Ives Klein a su muerte joven,
había dejado su estela, no su escuela. El aspiraba a eso, a dejar una
huella aérea que se confundiera con su azul de tierra; su azul de Klein
poderosamente matérico en la pintura, y meteórico en su vuelo hacia la
inmortalidad. Esa pintura hecha de acumulación de polvo industrial, de oxido de
cobalto aplicado por capas sobre soportes de madera o de lienzo.
El orinal de Marcel Duchamp, en la primera mitad del pasado siglo, fue
una bofetada al arte burgués de la academia. El salto al vacío se configuró de
otra manera, en canónica fotografía de ruptura del arte de los sesenta cuando
muchas corrientes de avant garde
estaban exhaustas. Era también un grito como el de Munch al borde del
precipicio de la guerra fría. Iconos que irrumpirían con fuerza en el santoral
de las artes modernas. Al ser una imagen intervenida en la era anterior al
Pothosohp en donde cualquier cosa se puede hacer con unos cuantos clic (collage de fabricación en masa para la
estética del espectáculo); Ese gesto de aires marciales y bluff surrealista, de cierta manera,
resume lo peligroso del arte y de la vida. En este caso, el vuelo es algo
imposible, la conquista del espacio es una quimera que de alguna manera busca y
se encuentra con la soledad, la eternidad y el vacío.

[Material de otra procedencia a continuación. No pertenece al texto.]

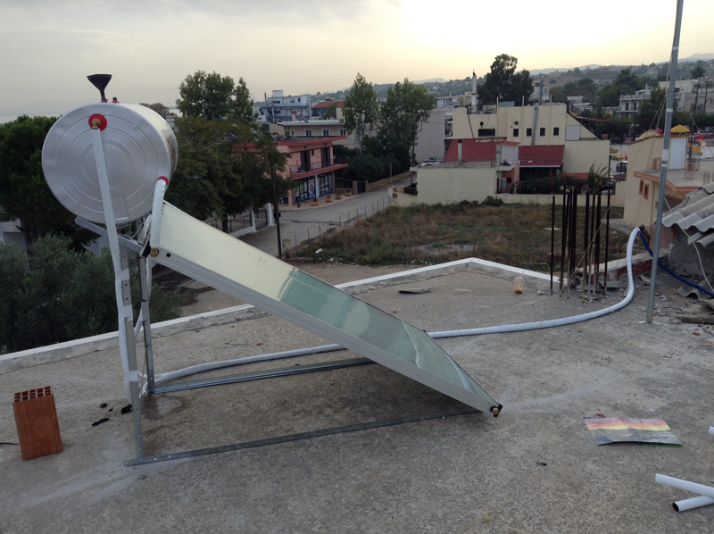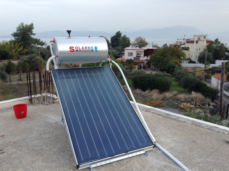 Ηλιακός θερμοσίφωνας Solarnet 160 λίτρων, επιιλεκτικός 2,62 τετραγωνικών μέτρων, για την κάλυψη των αναγκών του πλυντηρίου πιάτων.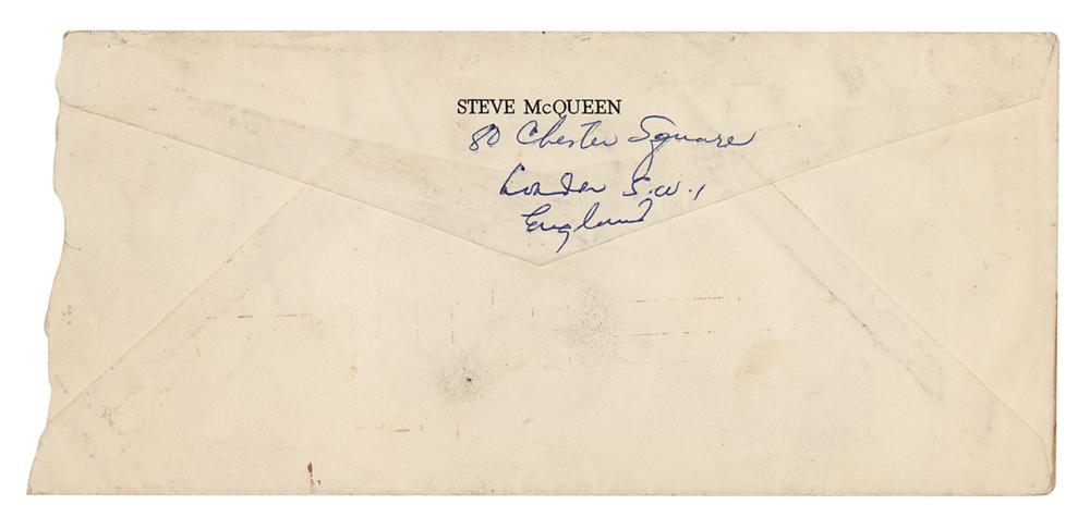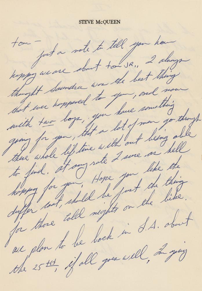 ALS signed “Steve,” one page both sides, 7 x 10, personal letterhead, January 6, 1962. Handwritten letter to Tom Gilson in Van Nuys, California, in full: "Just a note to tell you how happy we are about Tom Jr., I always thought Sandra was the best thing that ever happened to you, and now with two boys, you have something going for you, that a lot of men go through their whole lifetime without being able to find. At any rate I sure as hell happy for you. Hope you like the duffer coat, should be just the thing for those cold nights on the bike. We plan to be back in L.A. about the 25th. if all goes well, I'm going to take a nice long vacation so we will be able to spend a lot of time together, you know I have been over here almost 5 months, in a way it's been very good for me, I have been able to do a lot of thinking about myself, and they say I have mellowed. But then I'm 32 now and I guess it's about time. Neile and I have been able to spend a lot of time together, seems like we get more and more hung on each other as time goes on, so all and all it seems like the McQueen family is in pretty good shape." In fine condition. Accompanied by the original mailing envelope, addressed in McQueen's own hand.

El que salta al vacío sabe que su gesto, que su obra, perecerá. Una galería negra sacudida por una tormenta eléctrica que luego
dejará los pasillos a oscuras. Que a lo mejor su destinatario será el olvido y
la nada. También, de cierta manera, sin ese gesto, sin esa obra, sin ese salto,
la vida, el asombro de la vida, no sería refrendado por el espíritu. Y entonces, la muerte sería más triste y mísera. Sin ese gesto de ave que se interna en la
luz para desaparecer como un grito sobre las murallas de un acantilado rocoso.
* Algunos
historiadores de arte asocian el suicidio de Rudolf
Schwarzkogler con el salto de Klein, pues considera que el traumático
accionista vienés se lanzó por la ventana de su apartamento en un segundo piso
“para llevar hasta una absoluta literalidad la metáfora de Yves Klein”. Según
esta creencia, Rudolf aspiraba a fulminar el simulacro con el impacto de su
cuerpo incrustándose en el pavimento.
En 1985, la artista cubana Ana Mendieta protagonizaría
una escena similar en Nueva York, sin que la historia lograra verificar si todo
fue una cuestión de inmolación performática o crimen premeditado.